Most upvoted comments

@Faptimus420

Instead of ((img, img, img), label), we can have {"inp1":img,"inp2":img,"inp3":img}, label. The format you mentioned is not possible because

If x is a dataset, generator, or [keras.utils.Sequence](https://www.tensorflow.org/api_docs/python/tf/keras/utils/Sequence) instance, y should not be specified (since targets will be obtained from x).

source: https://www.tensorflow.org/api_docs/python/tf/keras/Model#fit

@ghylander

I have a working script (i.e., the model trains smoothly), but I am not sure if that is what you want. Please take a look and let me know:

The key issue here is that we are inspecting only the inputs and not the outputs. Note that the model architecture is 3 inputs, 1 output. Thus, our dataset should be in that format as well. See the image below.

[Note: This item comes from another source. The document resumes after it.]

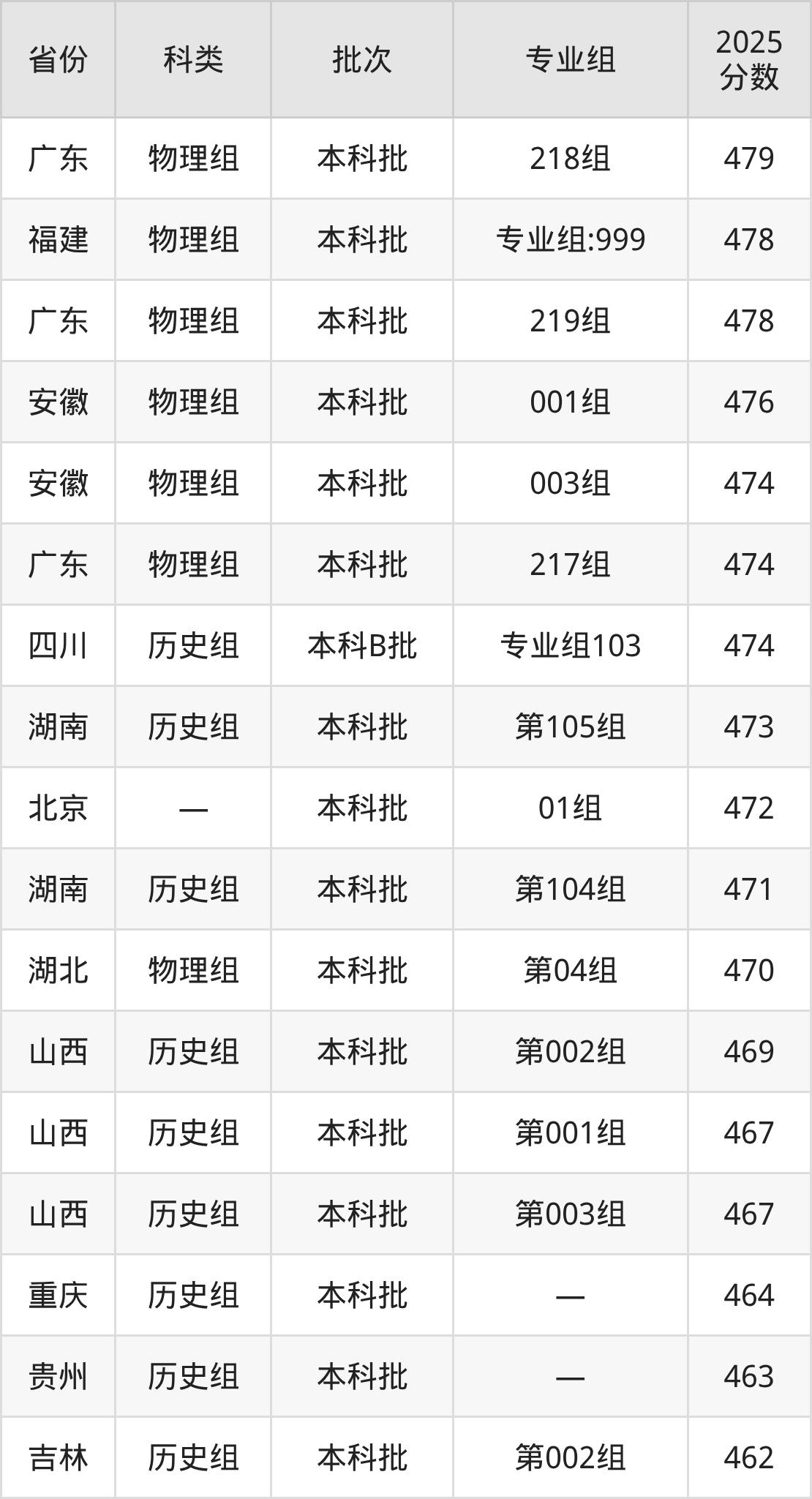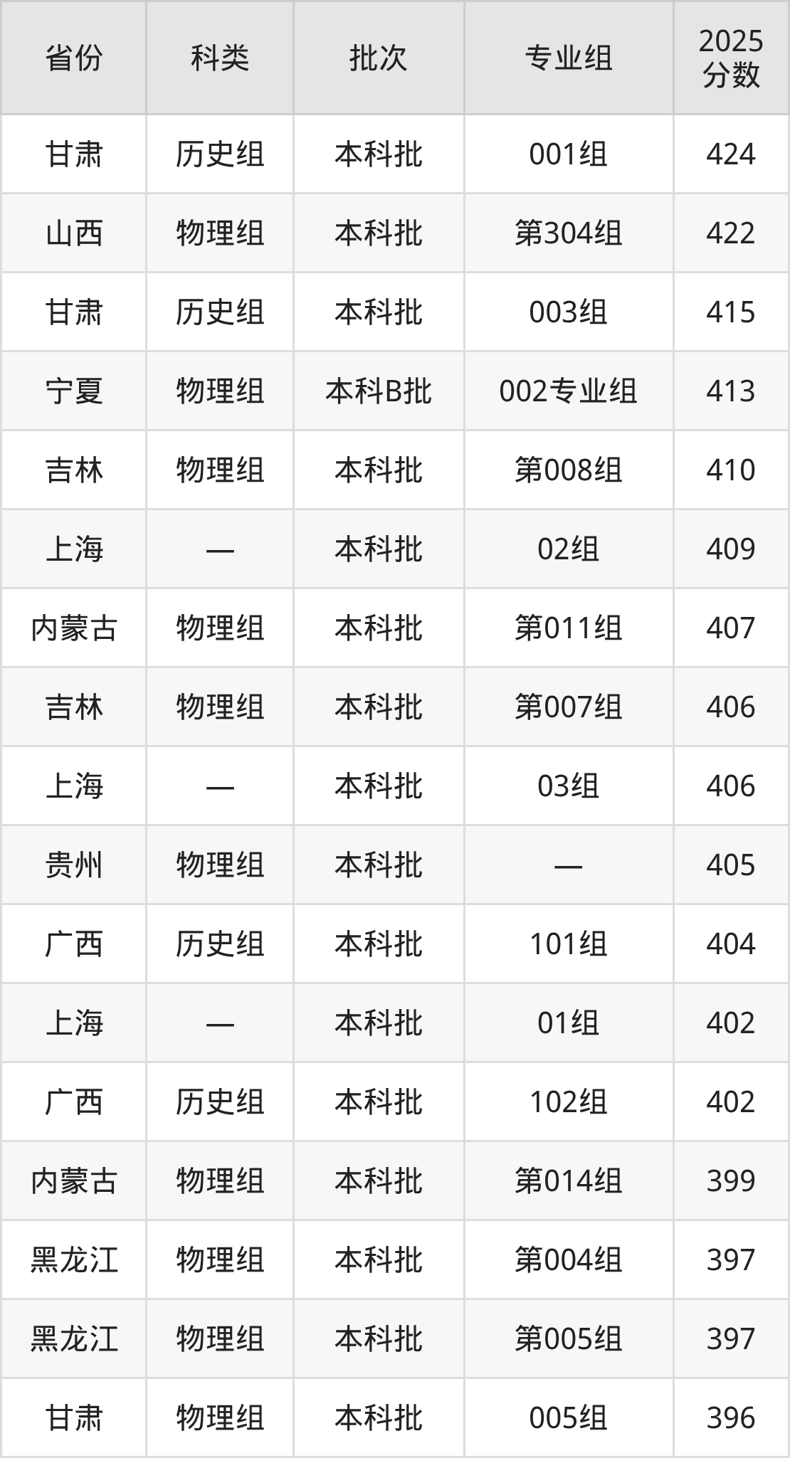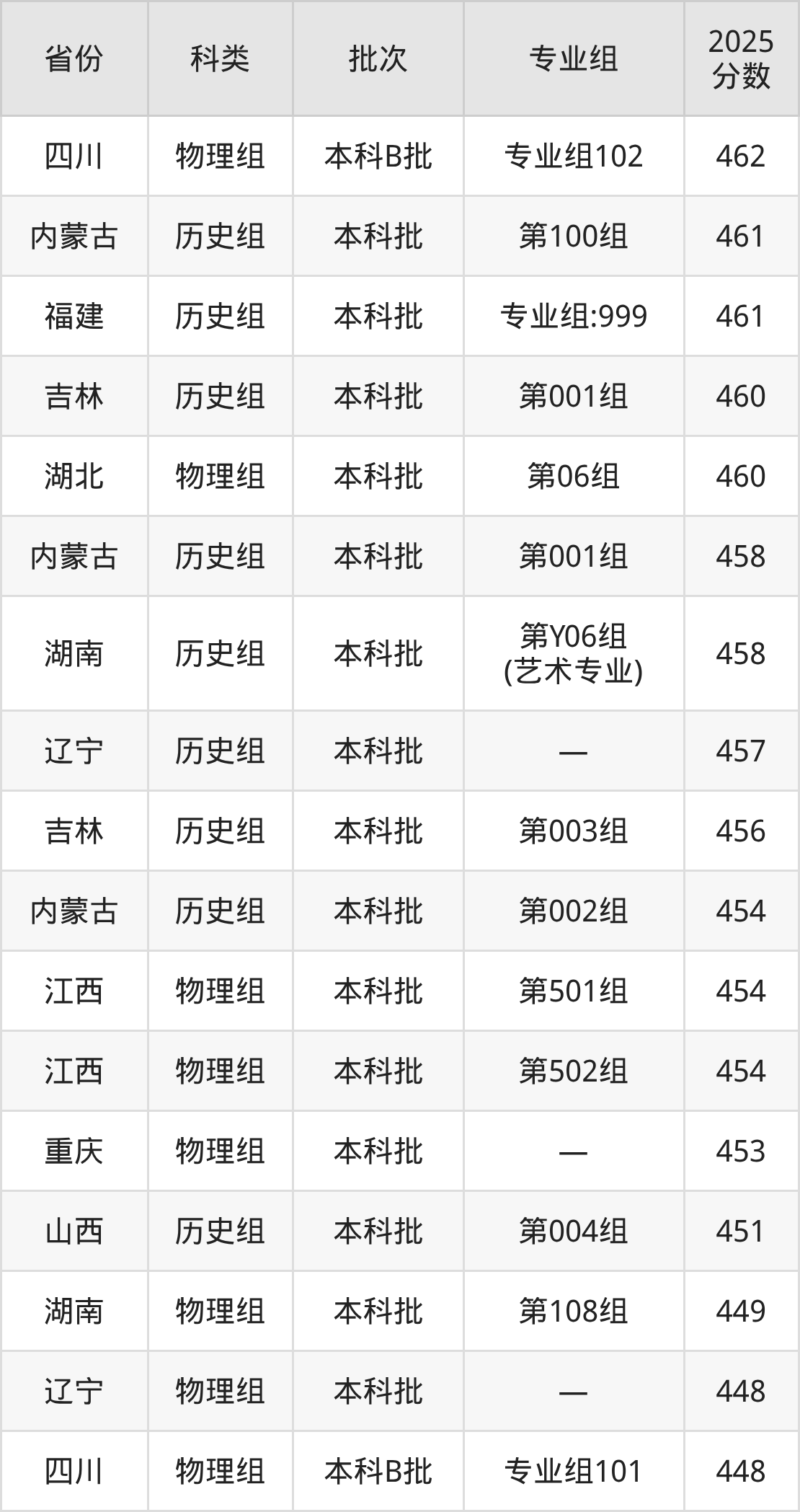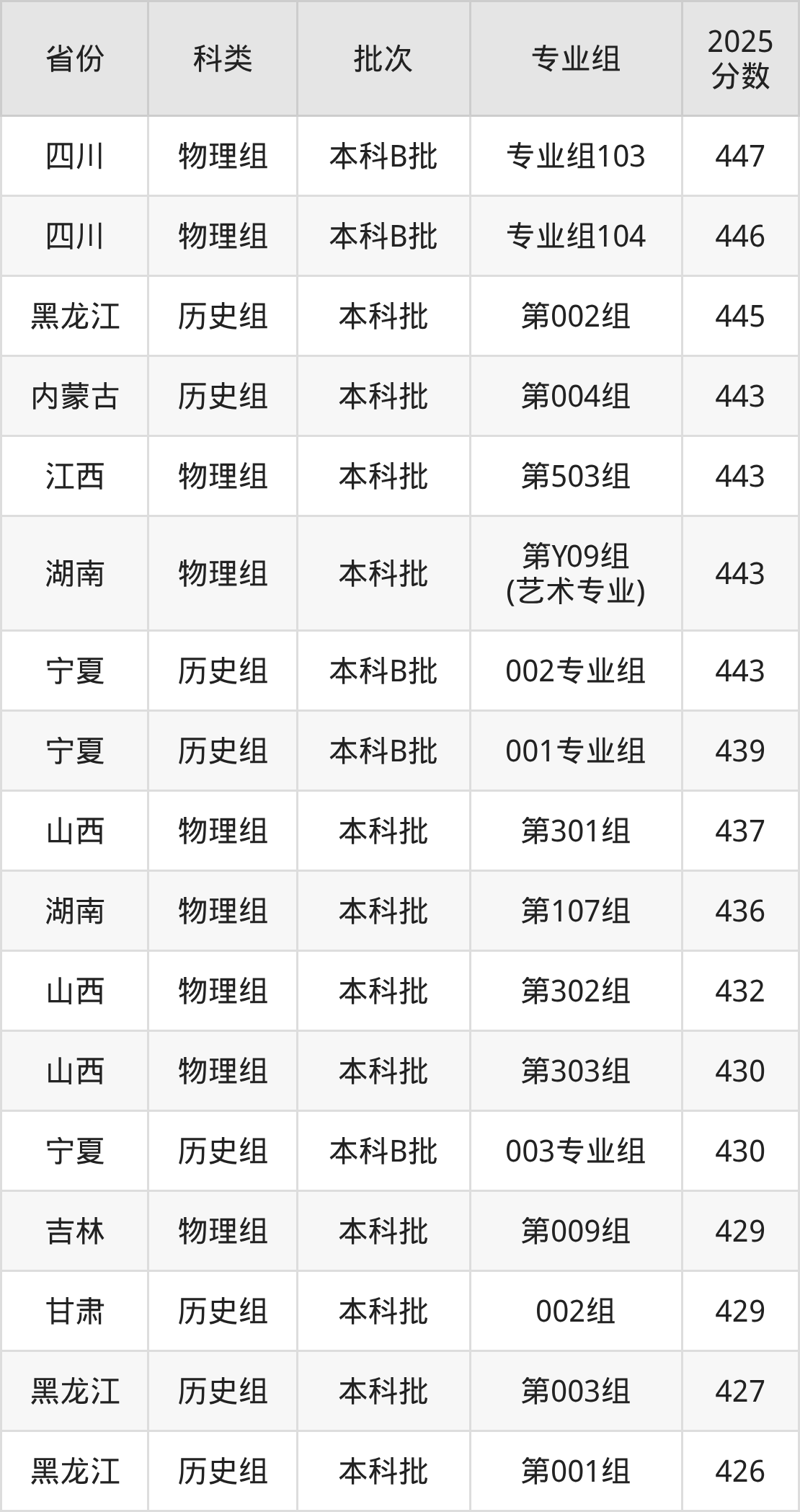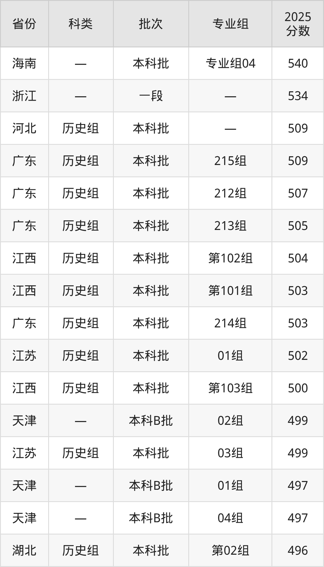 下面是天津商业大学宝德学院2025年在全国各省的录取分数线一览表,供参考:

Now, the current dataset has the structure: ((img, label), (img, label), (img, label)) but actually we want it to be ((img, img, img), label). So, we simply write a function which does exactly this and map the dataset accordingly.

def post_zip_process(example1, example2, example3):
    print((example1[0], example2[0], example3[0]), example1[1])
    return (example1[0], example2[0], example3[0]), example1[1]

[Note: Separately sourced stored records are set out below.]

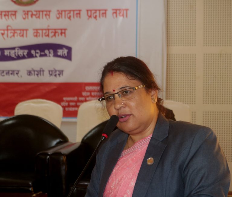 सामान्य प्रशासन मन्त्रालय र कोशी प्रदेश मुख्यमन्त्री एवं मन्त्रिपरिषद्को कार्यालयद्वारा आज आयोजित ‘स्थानीय तहहरुको असल अभ्यास’ कार्यक्रममा सामान्य प्रशासनमन्त्रीले जनताका विकासका चाहना पूरा गर्न ठोस योजना बनाएर काम गर्नुपर्नेमा जोड दिइन् । उनले स्थानीय तहलाई नमूनाका रुपमा विकास गर्नुपर्ने बताइन् ।
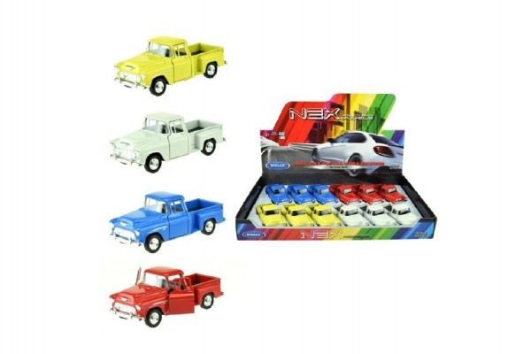 Auto Welly 1955 Chevrolet Stepside kov 12cm asst 4 barvy volný chod 12ks v boxu
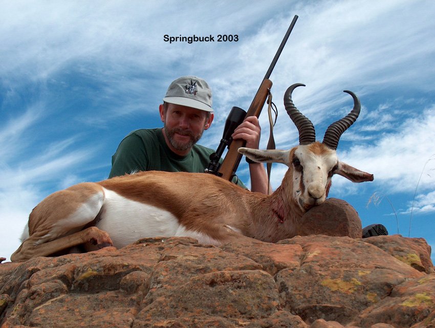 Vi tog til at andet område, hvor springbuckene holdt til. Der var mange. De færdes i store flokke og pludselig springer en af dem lodret i vejret. De territoriel hævdende bukke står alene i terrænet. Robbie studerede de enkelte bukke omhyggelig i kikkerten, inden han besluttede hvilken, vi skulle prøve at komme på skudhold af. Det gik forholdsvis let. Jeg fandt en klippeblok at tage fast anlæg på. Jeg fik hurtigt hold på bukken gennem kikkerten og trykkede. Den tegnede fint. Den gik kun nogle få meter inden den væltede omkuld. Skudafstanden var 200 m. Jeg var inden jagten spændt på at nedlægge vildt ude på store afstande. Vi danskere vil gerne have bukken inden for 100 m. Springbuck vejer 30 kg, altså en halv gang mere end råbukken. Lidt held må man vel også have lov at have. Min første antilope nedlagt uden problemer og man føler sig lidt høj. Over walki talkie erfarede vi at Johs. også havde nedlagt en springbuck. Vi mødtes under skyggen af nogle store træer for at spise frokost i form af sandwich. Det var bare lækkert med en sådan start.
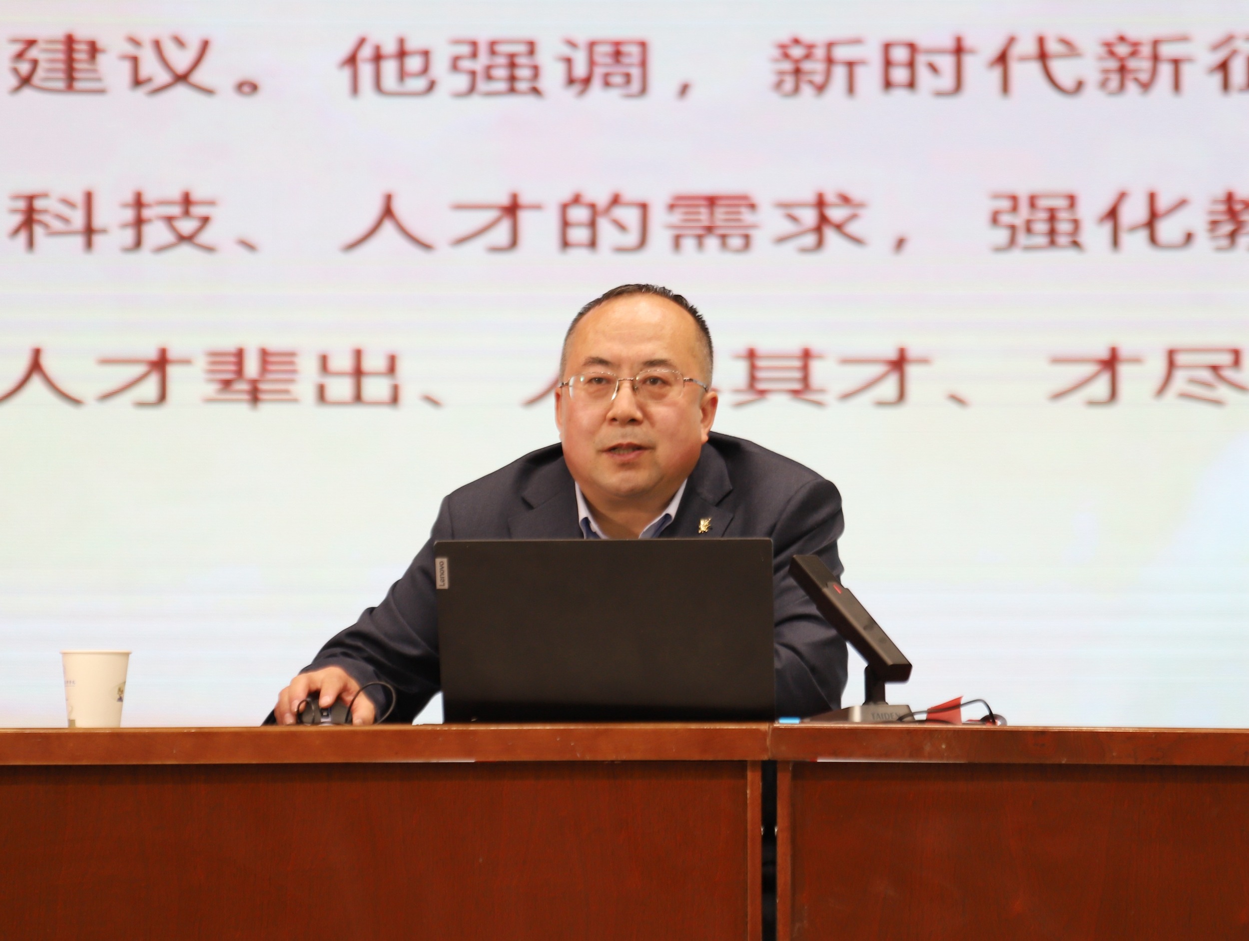 宣讲会上,顾文兵教授以《汇共识凝聚团结力量 举旗帜谱写奋进华章》为题,围绕2025年全国两会基本情况,习近平总书记在两会期间的系列重要讲话精神,2025年政府工作报告主要内容,深刻领会新时代党的创新理论、学习贯彻好全国两会精神、全面推进中国式现代化,全力推进高校高质量发展等5个方面作了深入全面系统的宣讲和阐释辅导,报告主题鲜明、站位高远,视野开阔、阐释透彻,对我校党员干部和师生深刻理解、准确领会两会精神,扎实推进学校教育教学改革具有重要指导意义。

train_dataset_zip = train_dataset_zip.map(post_zip_process)
validation_dataset_zip = validation_dataset_zip.map(post_zip_process)

And the training works just fine. Please take a look at the gist here.

image

/cc @Faptimus420 @rozhanroukhosh @gowthamkpr @sushreebarsa

The code I posted is executable top to bottom (given you meet the dependency, tensorflow). While it uses the cats and dogs tensorflow dataset, it mimics exactly my real code, down to the same error with model.fit()

The error I get after the last line is:

ValueError: in user code:

    File "/home/ghylander/miniconda3/envs/CH/lib/python3.10/site-packages/keras/engine/training.py", line 1021, in train_function  *
        return step_function(self, iterator)
    File "/home/ghylander/miniconda3/envs/CH/lib/python3.10/site-packages/keras/engine/training.py", line 1010, in step_function  **
        outputs = model.distribute_strategy.run(run_step, args=(data,))
    File "/home/ghylander/miniconda3/envs/CH/lib/python3.10/site-packages/keras/engine/training.py", line 1000, in run_step  **
        outputs = model.train_step(data)
    File "/home/ghylander/miniconda3/envs/CH/lib/python3.10/site-packages/keras/engine/training.py", line 859, in train_step
        y_pred = self(x, training=True)
    File "/home/ghylander/miniconda3/envs/CH/lib/python3.10/site-packages/keras/utils/traceback_utils.py", line 67, in error_handler
        raise e.with_traceback(filtered_tb) from None
    File "/home/ghylander/miniconda3/envs/CH/lib/python3.10/site-packages/keras/engine/input_spec.py", line 200, in assert_input_compatibility
        raise ValueError(f'Layer "{layer_name}" expects {len(input_spec)} input(s),'

    ValueError: Layer "model_3" expects 3 input(s), but it received 2 input tensors. Inputs received: [<tf.Tensor 'IteratorGetNext:0' shape=(64, 64, 3) dtype=float32>, <tf.Tensor 'IteratorGetNext:1' shape=(1,) dtype=float32>]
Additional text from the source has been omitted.